[Items listed in a dataset]
------------------------------------------------------------

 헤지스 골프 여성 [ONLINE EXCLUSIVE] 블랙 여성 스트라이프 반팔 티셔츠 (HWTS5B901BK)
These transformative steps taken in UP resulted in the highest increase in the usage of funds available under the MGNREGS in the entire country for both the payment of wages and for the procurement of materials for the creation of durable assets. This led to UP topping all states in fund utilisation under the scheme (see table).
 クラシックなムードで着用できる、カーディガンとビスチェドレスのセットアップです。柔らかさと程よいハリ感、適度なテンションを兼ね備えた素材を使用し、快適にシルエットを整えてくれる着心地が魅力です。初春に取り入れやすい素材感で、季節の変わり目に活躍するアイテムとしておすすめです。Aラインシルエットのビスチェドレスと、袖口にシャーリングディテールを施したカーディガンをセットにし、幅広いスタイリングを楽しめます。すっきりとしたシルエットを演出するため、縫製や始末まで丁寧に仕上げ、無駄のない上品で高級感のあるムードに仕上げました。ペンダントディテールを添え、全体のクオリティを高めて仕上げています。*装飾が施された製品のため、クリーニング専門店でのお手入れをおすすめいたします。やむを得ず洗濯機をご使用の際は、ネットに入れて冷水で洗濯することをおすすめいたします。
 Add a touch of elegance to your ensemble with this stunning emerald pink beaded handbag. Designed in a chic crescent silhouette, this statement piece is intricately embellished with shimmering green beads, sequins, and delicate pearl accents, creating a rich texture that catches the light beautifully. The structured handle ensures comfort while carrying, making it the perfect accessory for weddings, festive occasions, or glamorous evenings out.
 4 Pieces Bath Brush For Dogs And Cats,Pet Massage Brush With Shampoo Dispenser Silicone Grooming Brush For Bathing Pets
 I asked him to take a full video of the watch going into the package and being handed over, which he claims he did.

------------------------------------------------------------

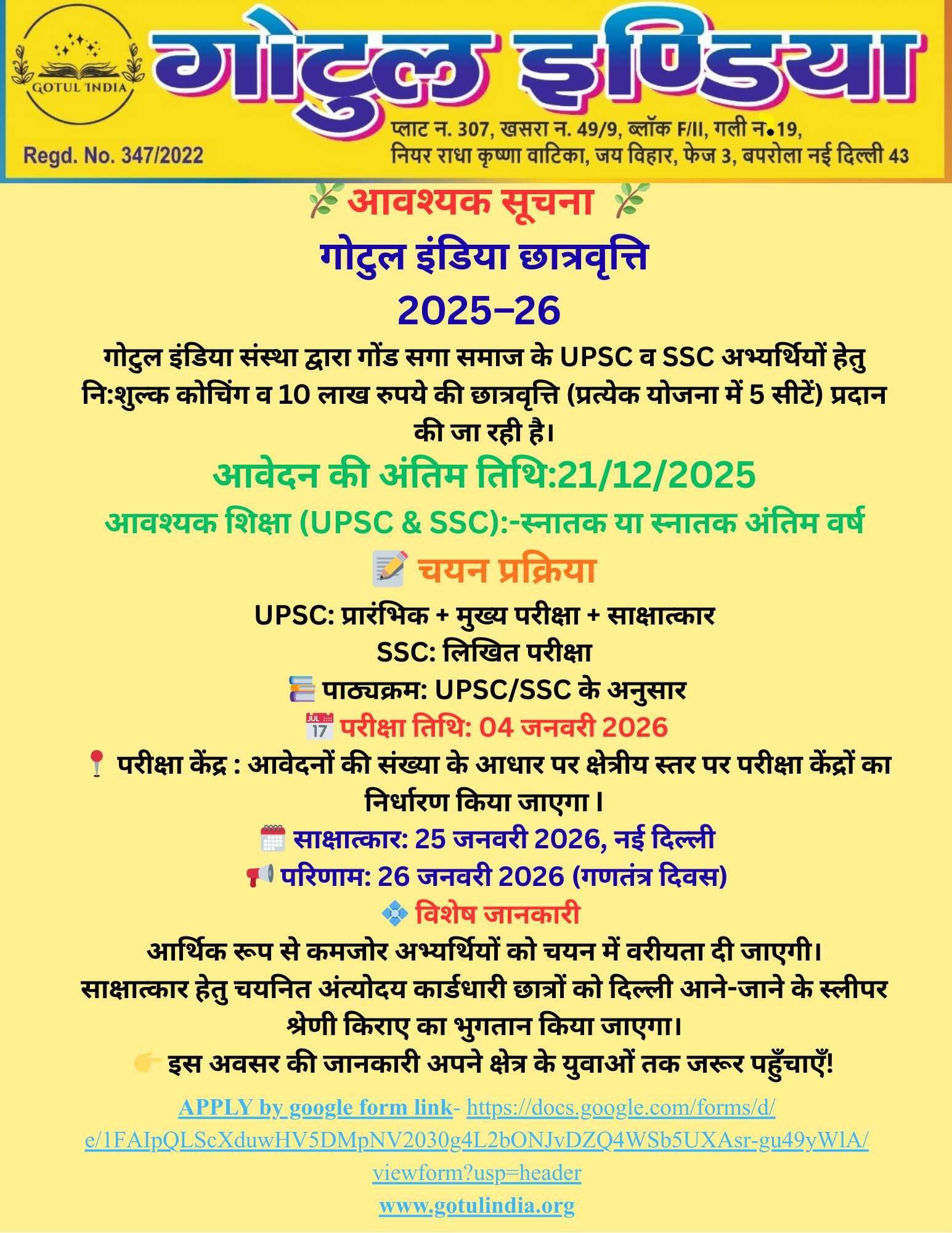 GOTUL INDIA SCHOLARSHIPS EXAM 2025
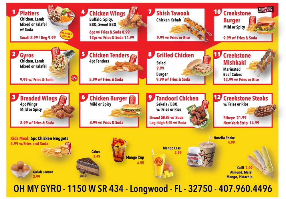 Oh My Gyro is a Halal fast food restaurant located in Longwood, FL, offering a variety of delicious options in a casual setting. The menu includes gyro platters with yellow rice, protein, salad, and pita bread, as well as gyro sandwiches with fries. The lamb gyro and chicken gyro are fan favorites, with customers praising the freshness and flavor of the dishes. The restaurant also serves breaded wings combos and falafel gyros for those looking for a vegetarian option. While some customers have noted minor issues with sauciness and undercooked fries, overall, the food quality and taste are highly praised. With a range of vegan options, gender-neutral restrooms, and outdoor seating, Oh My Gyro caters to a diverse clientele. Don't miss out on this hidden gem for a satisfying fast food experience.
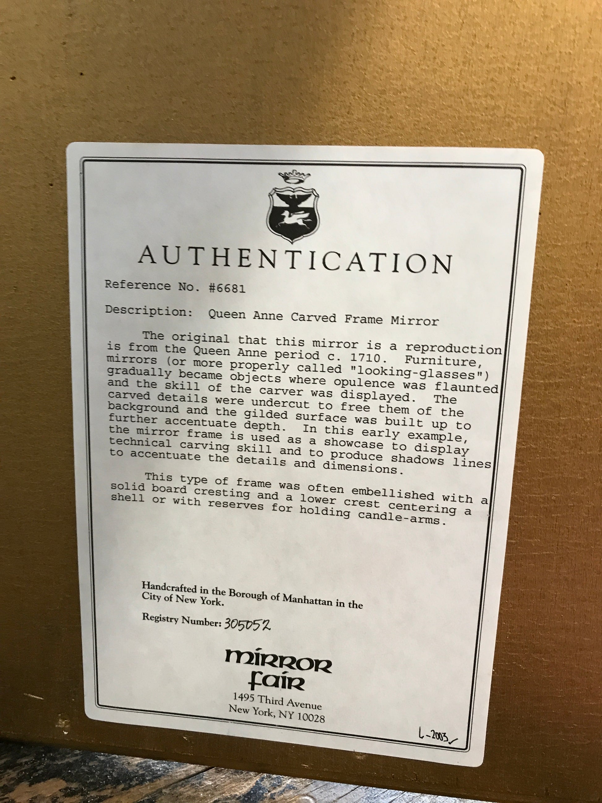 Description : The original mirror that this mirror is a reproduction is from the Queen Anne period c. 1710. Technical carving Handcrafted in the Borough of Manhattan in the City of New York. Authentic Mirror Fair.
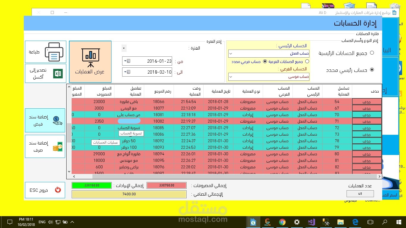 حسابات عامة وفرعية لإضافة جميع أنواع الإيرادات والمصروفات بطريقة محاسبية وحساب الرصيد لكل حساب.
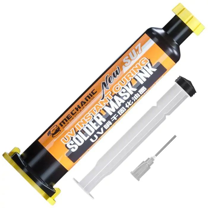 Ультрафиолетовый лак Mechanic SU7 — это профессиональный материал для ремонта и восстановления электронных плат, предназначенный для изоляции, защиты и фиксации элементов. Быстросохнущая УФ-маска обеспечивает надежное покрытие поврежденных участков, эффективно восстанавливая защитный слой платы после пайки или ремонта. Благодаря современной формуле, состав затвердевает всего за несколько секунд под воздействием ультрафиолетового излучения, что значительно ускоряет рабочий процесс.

------------------------------------------------------------

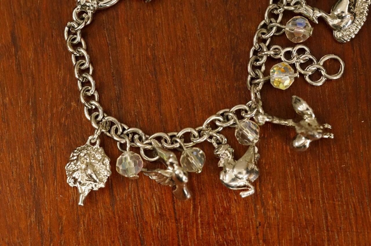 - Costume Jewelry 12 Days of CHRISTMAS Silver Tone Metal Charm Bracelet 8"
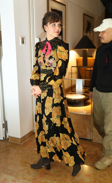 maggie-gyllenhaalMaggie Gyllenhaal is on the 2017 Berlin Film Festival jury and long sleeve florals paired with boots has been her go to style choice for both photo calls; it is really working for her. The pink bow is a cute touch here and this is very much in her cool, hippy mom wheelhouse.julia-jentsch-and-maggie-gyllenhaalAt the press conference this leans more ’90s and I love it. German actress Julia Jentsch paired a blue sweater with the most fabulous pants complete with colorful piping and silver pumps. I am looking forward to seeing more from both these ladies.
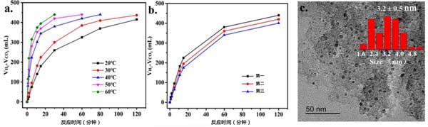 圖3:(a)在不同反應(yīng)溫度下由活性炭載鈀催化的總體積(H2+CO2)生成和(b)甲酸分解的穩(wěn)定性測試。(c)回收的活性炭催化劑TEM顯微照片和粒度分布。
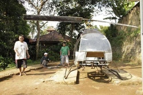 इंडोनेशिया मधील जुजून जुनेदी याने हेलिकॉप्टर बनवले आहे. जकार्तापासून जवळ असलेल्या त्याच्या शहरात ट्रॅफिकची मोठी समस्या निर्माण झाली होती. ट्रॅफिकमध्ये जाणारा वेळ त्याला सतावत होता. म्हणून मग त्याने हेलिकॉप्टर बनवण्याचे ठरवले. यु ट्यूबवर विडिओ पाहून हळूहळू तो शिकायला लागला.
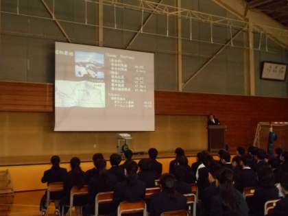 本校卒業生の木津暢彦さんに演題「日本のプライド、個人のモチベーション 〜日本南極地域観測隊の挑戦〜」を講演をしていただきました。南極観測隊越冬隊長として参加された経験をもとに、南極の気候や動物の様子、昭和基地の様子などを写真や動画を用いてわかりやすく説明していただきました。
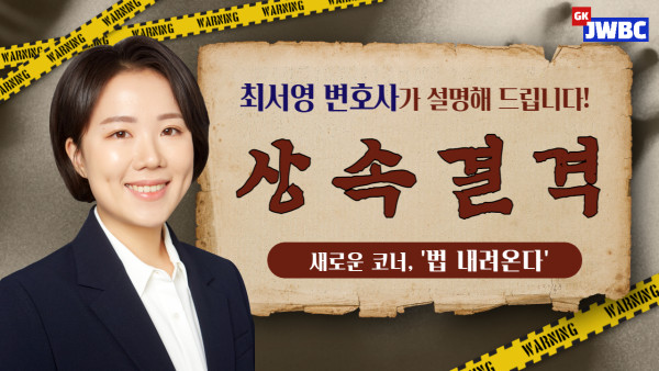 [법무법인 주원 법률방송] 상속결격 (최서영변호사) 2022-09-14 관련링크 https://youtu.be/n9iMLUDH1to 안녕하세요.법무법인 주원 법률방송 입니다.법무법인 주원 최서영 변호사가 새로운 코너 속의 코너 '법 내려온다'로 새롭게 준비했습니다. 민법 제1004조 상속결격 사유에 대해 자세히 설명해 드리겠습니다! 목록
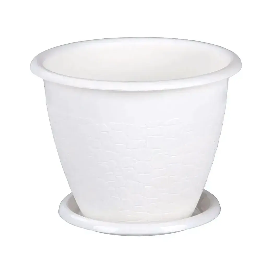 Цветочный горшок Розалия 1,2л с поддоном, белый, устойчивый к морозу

------------------------------------------------------------

What you should do: When the line with "헤지스 골프 여성 [ONLINE" is reached in the data above, start copying there, and copy each line exactly until the line with "I asked him" has been copied; copy nothing else.

Solution for this problem:
 헤지스 골프 여성 [ONLINE EXCLUSIVE] 블랙 여성 스트라이프 반팔 티셔츠 (HWTS5B901BK)
These transformative steps taken in UP resulted in the highest increase in the usage of funds available under the MGNREGS in the entire country for both the payment of wages and for the procurement of materials for the creation of durable assets. This led to UP topping all states in fund utilisation under the scheme (see table).
 クラシックなムードで着用できる、カーディガンとビスチェドレスのセットアップです。柔らかさと程よいハリ感、適度なテンションを兼ね備えた素材を使用し、快適にシルエットを整えてくれる着心地が魅力です。初春に取り入れやすい素材感で、季節の変わり目に活躍するアイテムとしておすすめです。Aラインシルエットのビスチェドレスと、袖口にシャーリングディテールを施したカーディガンをセットにし、幅広いスタイリングを楽しめます。すっきりとしたシルエットを演出するため、縫製や始末まで丁寧に仕上げ、無駄のない上品で高級感のあるムードに仕上げました。ペンダントディテールを添え、全体のクオリティを高めて仕上げています。*装飾が施された製品のため、クリーニング専門店でのお手入れをおすすめいたします。やむを得ず洗濯機をご使用の際は、ネットに入れて冷水で洗濯することをおすすめいたします。
 Add a touch of elegance to your ensemble with this stunning emerald pink beaded handbag. Designed in a chic crescent silhouette, this statement piece is intricately embellished with shimmering green beads, sequins, and delicate pearl accents, creating a rich texture that catches the light beautifully. The structured handle ensures comfort while carrying, making it the perfect accessory for weddings, festive occasions, or glamorous evenings out.
 4 Pieces Bath Brush For Dogs And Cats,Pet Massage Brush With Shampoo Dispenser Silicone Grooming Brush For Bathing Pets
 I asked him to take a full video of the watch going into the package and being handed over, which he claims he did.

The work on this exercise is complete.